To those who are curious in marking strange coincidences, it will be interesting to remember that just four years to an hour after Mr. Douglas parted with Mr. Lincoln, at the close of the interview that has been described, Mr. Lincoln was

slain by an assassin. Both died with a common purpose uppermost in their minds, one in the threatening morning of the rebellion, and the other when its sun had just set in blood; and both sleep in the dust of that magnificent state almost every rod of which, within a quarter of a century, had echoed to their contending voices as they expounded their principles to the people.

CHAPTER XIX.

THE emergency which the rebellion forced upon the government found that government no less prepared to meet it than it found the loyal people of the country wanting in military knowledge and experience. The people were so eager to furnish men and supplies that they at once became impatient for results. No one among them seemed to doubt that the rebellion might be crushed in a few months, at most. They did not comprehend the almost infinite detail of a war.
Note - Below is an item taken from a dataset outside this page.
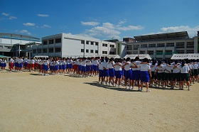平成30年5月12日(土)、水俣高校グラウンドにて体育大会を行いました。雲一つない晴天のなか生徒たちの活気溢れる行進に始まり、徒競走、クラス対抗リレー、集団競技すべての競技で各団による熱戦が繰り広げられました。応援団演舞では、どの団も息の合った動きと迫力ある演技で会場を盛り上げてくれました。3年生に取っては最後の思い出となり、1・2年生にとっては来年につなげることができた体育祭になったと思います。また、保護者、地域の皆様におかれましても多くのご観覧やご声援ありがとうございました。PTA役員の皆様も給水などご協力ありがとうございました。

Patience was a virtue which it took four years to teach them; and when every man connected with the government was making all the efforts possible to forward the preparations for the struggle, the popular press-meaning well, but much misapprehending the difficulties of the situation-were already finding fault with the tardiness of operations. They had apparently forgotten how long it took to bring the Mexican war to a successful termination;—indeed, they stood in a very different relation to this war from that which they had held toward the Mexican war. That was a war of the government against another power; this was a war of their own, against domestie traitors who sought to overthrow the government. Every loyal man had a direct interest in the war; and he judged every movement and every delay as if it were his own private enterprise. There were inconveniences in this; but, in this universal personal interest, lay the secret of those four years of popular devotion to the war which so astonished the observers of other lands, and made ultimate victory, under Providence, a certainty from the first.